#### WHAT IS REQUIRED:
Omit all pictures and transcribe only the lines in the entries below that run from the line with "➍それぞれに、青じそ𝟷枚→梅" through the line with "Ciocca μπεζ/κόκκινη κάλτσα".

#### DATA EXTRACTS:
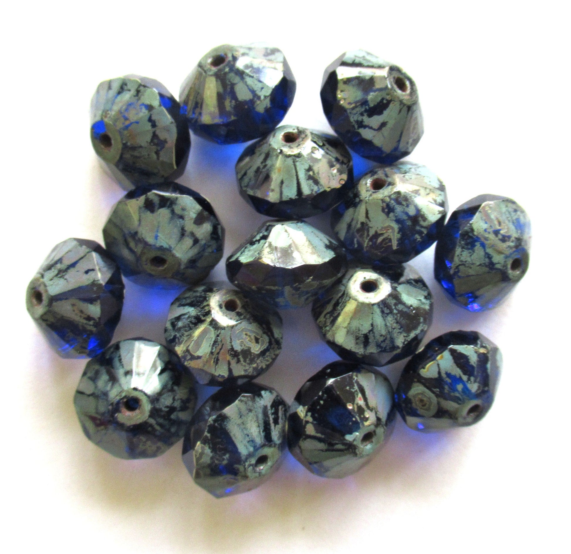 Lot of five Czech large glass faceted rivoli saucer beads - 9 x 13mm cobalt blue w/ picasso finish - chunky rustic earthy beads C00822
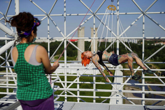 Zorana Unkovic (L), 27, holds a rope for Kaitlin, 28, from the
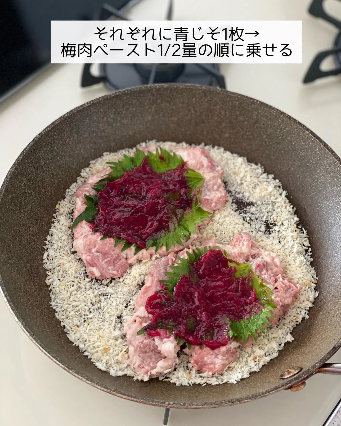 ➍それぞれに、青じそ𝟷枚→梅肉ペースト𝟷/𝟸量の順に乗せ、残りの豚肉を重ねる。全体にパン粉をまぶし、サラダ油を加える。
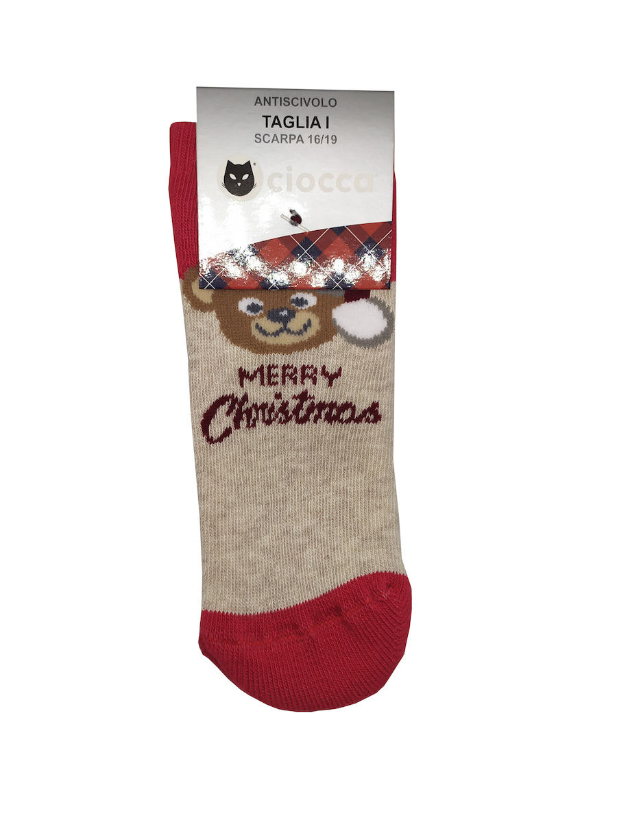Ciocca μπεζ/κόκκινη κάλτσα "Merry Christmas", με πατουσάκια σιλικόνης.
--
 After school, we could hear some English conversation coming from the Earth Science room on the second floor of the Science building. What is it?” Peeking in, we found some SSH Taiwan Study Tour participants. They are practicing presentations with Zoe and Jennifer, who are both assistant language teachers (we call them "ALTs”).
--
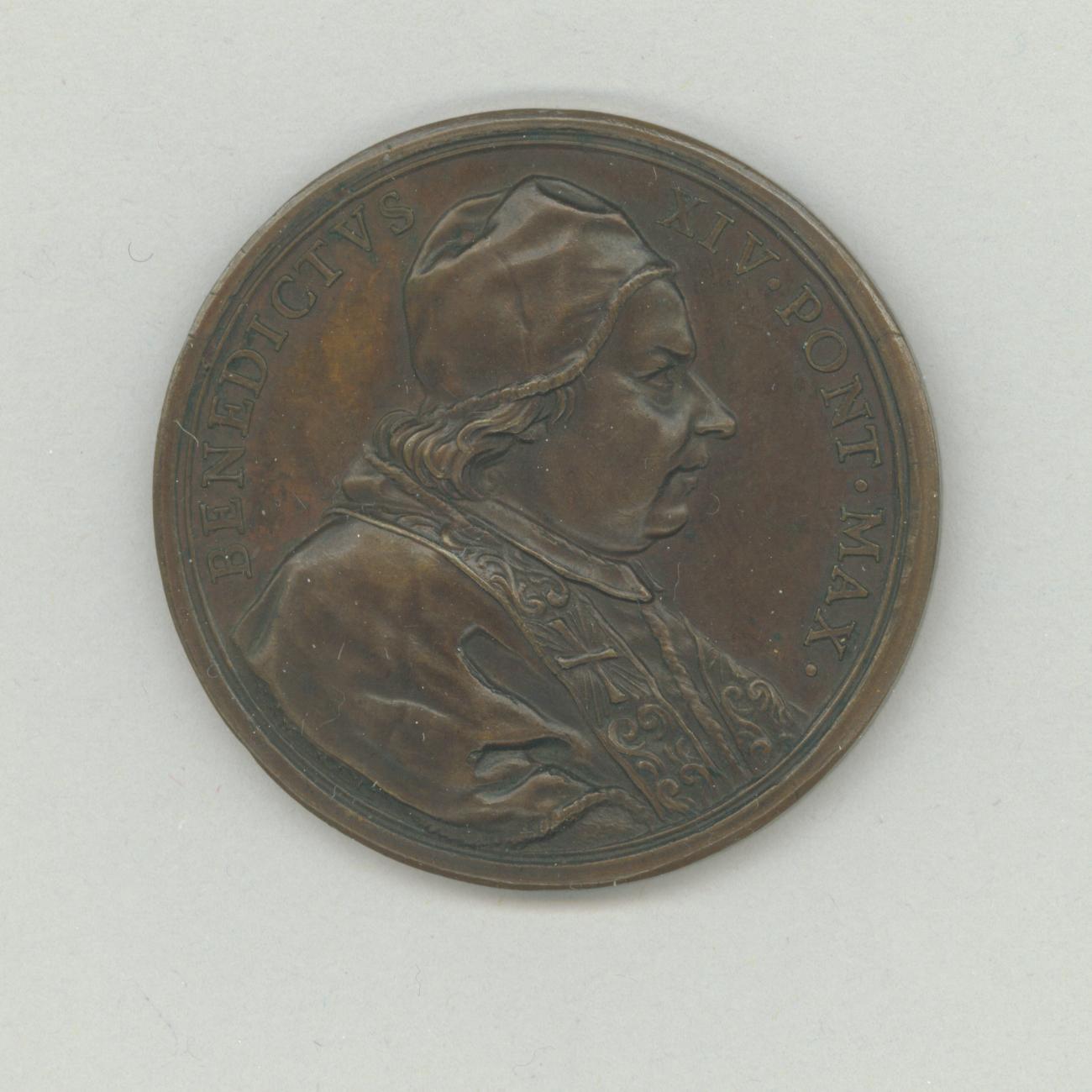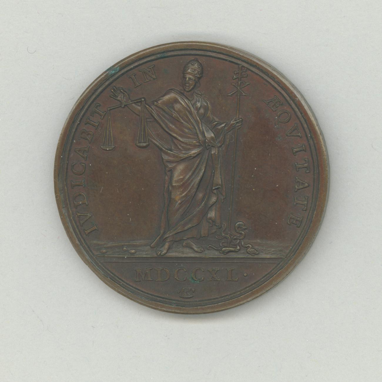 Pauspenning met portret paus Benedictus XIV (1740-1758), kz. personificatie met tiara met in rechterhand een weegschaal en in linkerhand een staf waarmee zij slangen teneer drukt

#### ANSWER TO THE EXERCISE:
 ➍それぞれに、青じそ𝟷枚→梅肉ペースト𝟷/𝟸量の順に乗せ、残りの豚肉を重ねる。全体にパン粉をまぶし、サラダ油を加える。
Ciocca μπεζ/κόκκινη κάλτσα "Merry Christmas", με πατουσάκια σιλικόνης.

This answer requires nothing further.